▸ Exercise aim
Don't include any picture when you restate the data word for word.

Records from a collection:

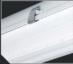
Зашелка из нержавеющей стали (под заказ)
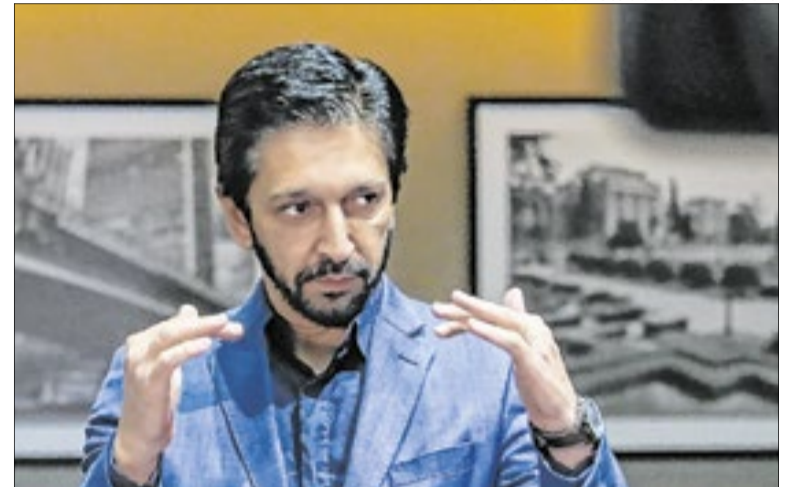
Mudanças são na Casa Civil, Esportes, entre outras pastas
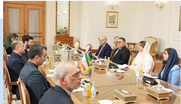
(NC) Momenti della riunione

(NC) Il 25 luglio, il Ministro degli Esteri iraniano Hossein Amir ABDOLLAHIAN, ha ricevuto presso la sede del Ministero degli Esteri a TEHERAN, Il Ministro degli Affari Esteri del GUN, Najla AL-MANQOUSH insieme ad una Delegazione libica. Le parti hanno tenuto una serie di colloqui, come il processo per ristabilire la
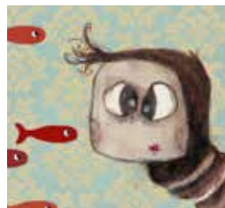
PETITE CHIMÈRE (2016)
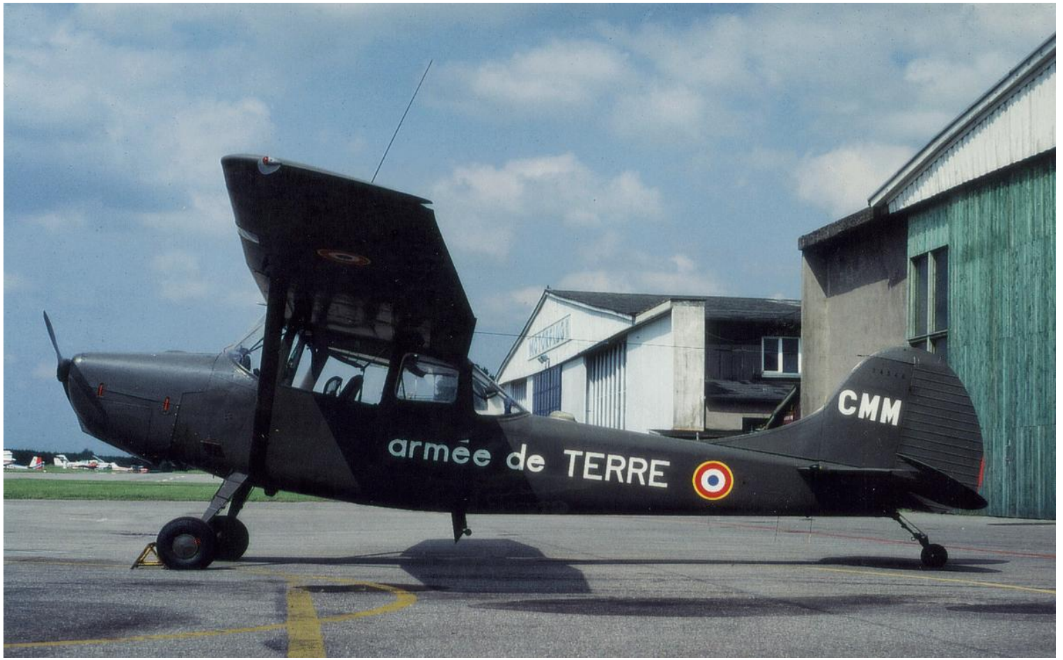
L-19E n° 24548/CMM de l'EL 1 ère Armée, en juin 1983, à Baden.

▸ Written solution
Зашелка из нержавеющей стали (под заказ)
Mudanças são na Casa Civil, Esportes, entre outras pastas
(NC) Momenti della riunione

(NC) Il 25 luglio, il Ministro degli Esteri iraniano Hossein Amir ABDOLLAHIAN, ha ricevuto presso la sede del Ministero degli Esteri a TEHERAN, Il Ministro degli Affari Esteri del GUN, Najla AL-MANQOUSH insieme ad una Delegazione libica. Le parti hanno tenuto una serie di colloqui, come il processo per ristabilire la
PETITE CHIMÈRE (2016)
L-19E n° 24548/CMM de l'EL 1 ère Armée, en juin 1983, à Baden.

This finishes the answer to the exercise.